Langfristige Folgen in Deutschland wenig untersucht
In der Studie wurden Daten von 114.296 Patientinnen und Patienten ausgewertet, die im Zeitraum der Jahre 2006 bis 2009 ein SHT erlitten hatten. Damit schließt sie eine Forschungslücke. Während die akuten Folgen eines Schädelhirntraumas gut dokumentiert sind, hat in Deutschland bislang eine systematische zahlenmäßige Erfassung möglicher langfristiger gesundheitlicher Probleme gefehlt.
In Deutschland erleiden laut einer Mitteilung der Stiftung und des Barmer-Instituts pro Jahr mehr als 225.000 Menschen ein Schädelhirntrauma.
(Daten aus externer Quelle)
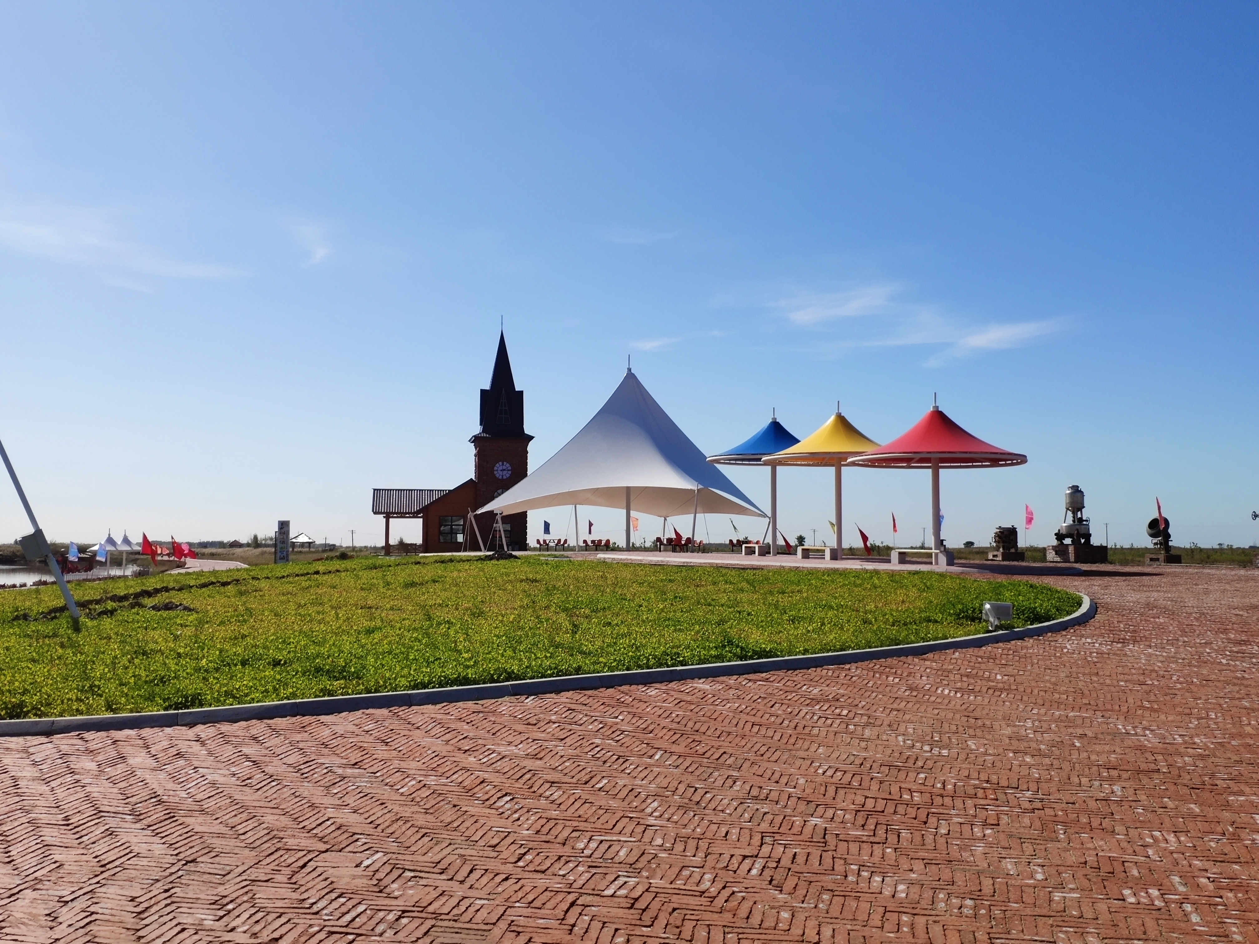 傳統(tǒng)文化廣場以金代文化為主題,廣場中央矗立著仿古城墻雕塑,兩側(cè)設有民俗展覽館,仿古建筑群與小橋流水相映成趣。休閑廣場以現(xiàn)代簡約風格設計,配備智能健身器材和兒童游樂區(qū),設有秋千群、帳篷營地,家庭游客可在此野餐、嬉戲。而在位于濕地制高點的觀景廣場,可俯瞰湖光山色。夕陽西下時,霞光與候鳥齊飛,成為網(wǎng)紅打卡點。

Neunzig Prozent dieser Fälle sind leichtgradig, zehn Prozent sind mittel- bis schwergradig. Das SHT ist eine der Hauptursachen für schwere Langzeitfolgen, Behinderung und Tod bei Erwachsenen. Dennoch existieren zum SHT und den Folgeerkrankungen in Deutschland nur relativ wenige Studien. Dabei leiden insbesondere Betroffene mit mittelschwerem oder schwerem Schädelhirntrauma meist noch Jahre nach der Verletzung an gravierenden Langzeitschäden und Folgeerkrankungen. Auch bei Patientinnen und Patienten mit einem vermeintlich leichten SHT können Beschwerden über einen längeren Zeitraum fortdauern. „Die Versorgung von Patientinnen und Patienten mit einem Schädelhirntrauma muss weiter verbessert werden. Dazu sind epidemiologische Daten dringend erforderlich. Die Studie der ZNS – Hannelore Kohl Stiftung und des bifg liefert hierzu neue wichtige Erkenntnisse“, sagt Prof. Dr. med. Christoph Straub, Vorstandsvorsitzender der Krankenkasse.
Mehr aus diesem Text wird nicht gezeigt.